Haken and Appel saw that the problem could be broken down into several million unique cases, and used the U-I supercomputer to analyze each case. Begging and stealing time on the supercomputer, it required more than a year of compute time.
They used a standard, ancient method of proof: Break the problem into all possible cases, and analyze every case.
But it was the first proof in mathematics to rely entirely on a computer. There were so many cases that no single human mind could analyze all the millions of cases.
And once done, no single human mind could go through the entire proof case by case and verify it. It required another computer to verify the result from the first computer.
So the 4-Color Problem is the first mathematical proof that an unaided human can't solve, verify or comprehend. Anyone can understand and analyze a few individual cases. But no one can possibly go through the whole proof without a computer.
But it's still a proof, accepted just as the proof of the Pythagorean Theorem (which one person can easily go through step by step) has been accepted for 2400 years.
But some critics argue that it's a uniquely new and troubling advance in mathematics -- removing mathematical truth from the human mind, and transfering it to a new realm that resides exclusively within computers. We must trust what the computers tell us.
You can print the uncolored map and experiment with colored pens. Can it be colored with 3 colors? 4? Or does it absolutely require 5 or more colors?
The solution relies on advances in Graph Theory made since Euler's day.
Arguably the problem has little significance by itself; but efforts to solve it for 114 years added great power and sophistication to Graph Theory, advances which are used to solve many highly practical problems.
the Traveling Salesman Problem (TSP)
A salesman at headquarters HQ must visit 5 cities A B C D E, each city only once, then return to HQ.

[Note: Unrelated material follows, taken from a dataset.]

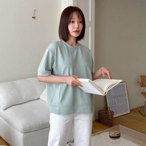 [에이치플러스몰]여성반팔티 크롭맨투맨 여성티셔츠 포인트 바크텐

There's a specific cost to travel between any pair of cities. (But the cost is the same in either direction.)
What is the cheapest possible path?
[HQ] C A D B E [HQ]
costs the same as its mirror-image path
[HQ] E B D A C [HQ]
(A simpler scheme just measures the straight-line air distance between each pair of cities, and the salesman must find the shortest possible path.)
Again, note how simple the question is.
Again, the answer is not so simple.
With 2, 3, 4 or 5 cities, the cheapest (or shortest) path can be found with pencil, paper and calculator.
But as the number of cities gets larger, the number of possible paths grows dramatically, and the problem must be cranked out on a computer.
Eventually -- a tour of 20 or more cities -- there are so many possible paths that even a supercomputer would take weeks, months, years to find the minimum path.
The explosive growth of possible paths makes TSP a kind of problem known as NP-Hard (for Non-Polynomial).
TSP obviously has practical real-world value, and many other NP-Hard problems also have important practical applications.
Finding a computational shortcut to problems like TSP is one of the most important unsolved problems in mathematics and computer science research.
Though no significant shortcuts have yet been discovered, it's been proved that any shortcut to TSP would also apply to all NP-Hard problems.
If you're willing to settle for a Very Good Path (rather than the unique best path), there are techniques that will find a very good path in a short time, regardless of how many cities must be visited.
But the classic TSP requires finding the unique best path (or its mirror-image path).
p = c!
although in TSP, the real number of possible paths is
p = c! / 2
because each path is equal (in cost or distance) to its mirror-image opposite-direction path, so only one of them has to be computed and compared to the other paths.]
I'm working on a 13-city TSP. I estimate that it may take my computer the better part of a month to find the best path.
What I'll probably do is carve the problem into several shorter blocks and let others run them on their computers, then e-mail the results of each block back to me.
This approach is called Distributed Computing and has become an extremely powerful and important New Thing in computing during the last decade.